This interview was absolutely fascinating to me because of the way Amanda dissected what she calls "gaslighting." She wrote an entire book about it: Gaslighting America: Why We Love It When Trump Lies to Us.

I disagree with much she said about politics (oddly enough, she seems to be brainwashed in her own right), and Cupp for that matter, but her formulation of how President Trump frames an issue and hogs the media is extremely clever. She calls it his form of gaslighting. But I don't agree with her that President Trump has brainwashed America. I do agree that the procedure of his media campaigns are most likely the way she said. That's why this interview was so fascinating.

For someone like me, it's hard to see two women who obviously believe they belong to the superior upper class far above the average hoi polloi schlubs. I usually call these people elitists, but I don't believe either is evil in the manner the nasty powerful elitists are. I think they are mostly the sheep of the elitists. They like belonging to the elitist insider group, they love the perks, they adore the feeling of being superior to the rest of mankind, but I don't sense power-lust in them. Just the vanity elitists tend to have.
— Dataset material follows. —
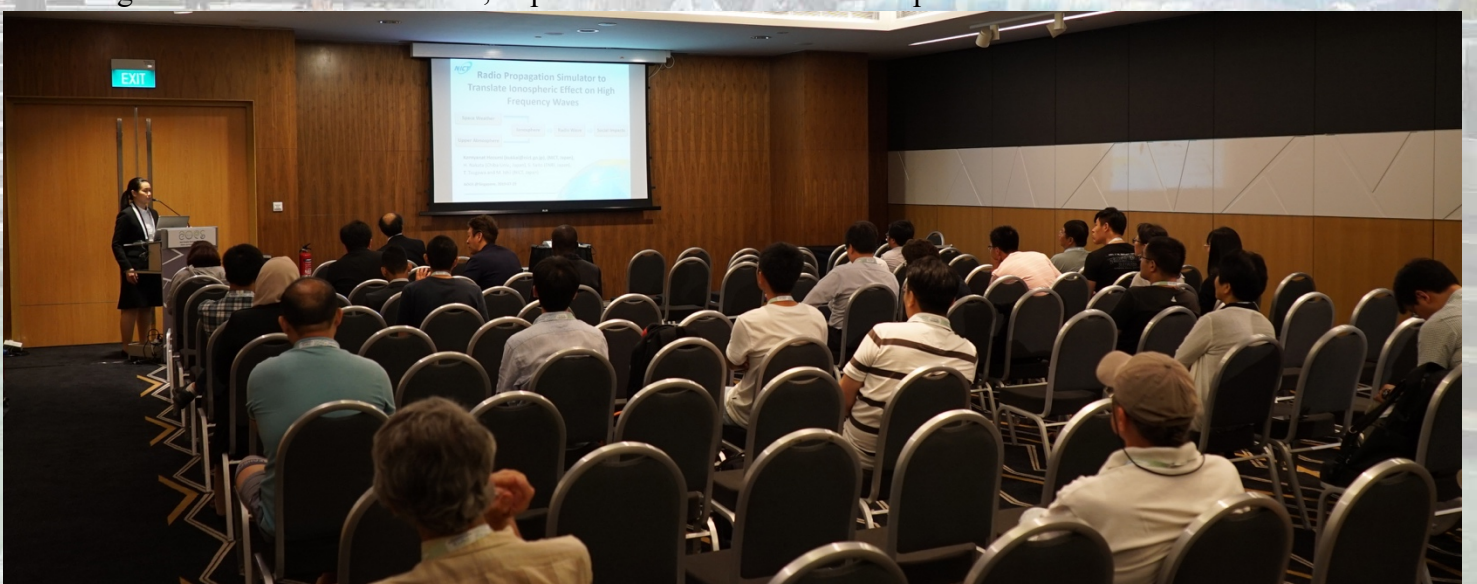
Figure 4: The AOSWA session, “Space Weather Research and Operation in Asia Oceania”

After the AOSWA session, the Exhibition Booth was opened on the evening of July 29 th . Thanks to the Exhibition hall was located at the center of the conference complex, and also used as the venue of Poster session, conference reception on the 1 st evening, every coffee break and the beer hour, our booth was blessed with a lot of participants about 10 to 20 people per hour.

Before I quote from the book, let me register my disagreement with Carpenter over the term "gaslighting." This term comes from an old 1930's play by Patrick Hamilton's which was later made into a movie (starring Ingrid Bergman, Charles Boyer, and Joseph Cotten). In the story, a man murdered an opera singer to get her jewels, but he had to escape without them. Years later he finds and marries the niece of the opera singer. He is certain she knows where the jewels are. But he doesn't want to kill her. So he decides to try to make her go insane. He moves her to a secluded house and, among other dastardly acts, rearranges the furniture when she leaves the room, but when she returns and asks about it, he denies anyone moved anything. He constantly has the lights dimmed or brightened, then denies this is happening when she mentions it. (The lights were gas lights in the story, which is where the title and the term came from.) And so on. She begins to doubt her own mind and actually starts to go insane, but in a passive way. The story goes from there.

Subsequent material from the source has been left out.